Quality Management Workshop: Feedback on ISO Certification in a Pharmaceutical Technology Unit

A workshop on certification was organised during the Gerpac European conference, held in Giens (France) in October 2016. The aim of this workshop was to discuss and share experiences about the ISO certification of pharmaceutical technology units in the framework of the hospital global certification process.

In April 1996 the certification process was introduced to our health system and has progressively found its place in French hospitals [1]. This external and independent procedure concerning the quality of services of a hospital and its trustees is performed by health professionals mandated by the French health authority (HAS) [2]. Those health experts based their inspection on the manual edited by this health authority [3]. This referential allows evaluating the global functioning of the health institution. Other independent certifications being part of a voluntary process are also applicable to our public and private hospitals, like the ISO 9001 norm [4, 5] for example, which defines the organizational requirements needed for a proper management system. This process has a 3 year validity and is organized as shown in Figure 1.

Figure 1:

Certification steps in France concerning ISO certification in hospitals.

Thanks to their expertise in terms of certifications inside their pharmaceutical technology unit certified ISO 9001: version 2008 for about 10 years, the experts invited to chair the workshop have been able to analyze the specificities of each of these certifications and to highlight the benefits of agreeing to an ISO 9001 process.

A survey launched inside the workshop attendees allowed us to highlight the fact the participants were involved in a HAS certification process inside their health institute, complying with requirements launched in 2014 (V2014), but only 1/3 of the workshop attendees had simultaneously started an ISO certification process, and only one institute was certified in compliance with the new ISO version.

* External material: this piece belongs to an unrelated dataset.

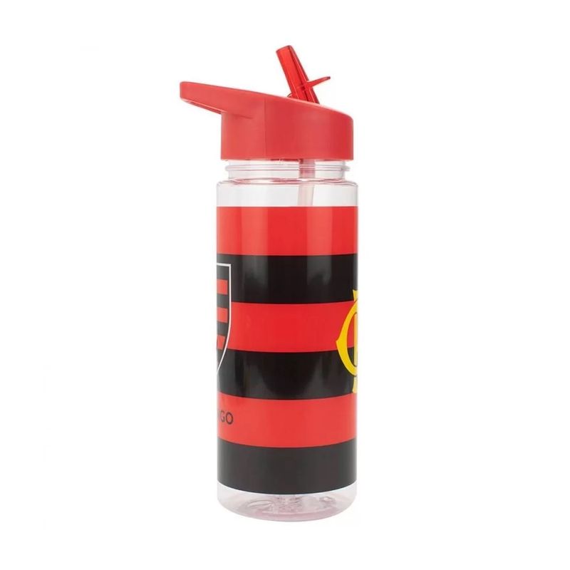 Garrafa Plástico 450ml Com Mochila Tipo saco - Flamengo Garrafa de plástico com canudo e capacidade para 450 ml gravada no escudo do Flamengo e cores do time. Vem dentro uma mochila tipo saco com 41 x 31 cm de dimensão na mesma característica.

A concrete enlightening on the norm on the new requirements launched in 2015 (V2015) allowed us to showcase to the participants the possible benefits in terms of quality management concerning preparation units:

Multiple examples are based on the appropriation of the requirements concerning knowledge and technique management:

1. using an initial and continuous training plan for the medical and paramedical staff,

2. Implementing annual interviews of the medical staff,

3. assessing annual records on knowledge and skillset with a defined progression plan and training, created and dispensed by the teams themselves,

4. management commitment with the definition of risks and opportunities related to the current system,

5. definition of processes including the customer,

6. subcontractor and concurrent interfaces,

7. optimization and continuous improvement.

Most questions reported by the pharmacists were about the numbers of people and the time spent to do this quality activity and how to involve the directors in this quality approach. The relative part of health institutes having already started the two certification processes shows the difficulties and challenges represented by motivation of directions and operational teams. However, seventy-five percent of the participants revealed that the examples proposed by the experts where instantly applicable inside their pharmaceutical technology units.

In conclusion, the sake of the ISO process in terms of valorisation of quality for preparation activities appeared as a key element, especially concerning the development of subcontracted preparation activities [6]. Experts also identified different common points related to the convergence of the exigencies relatives to HAS and ISO certifications, thus emphasizing the interests of such processes in pharmaceutical technology units. A future workshop fully devoted to the new ISO certification standards in its 2015 version has been proposed.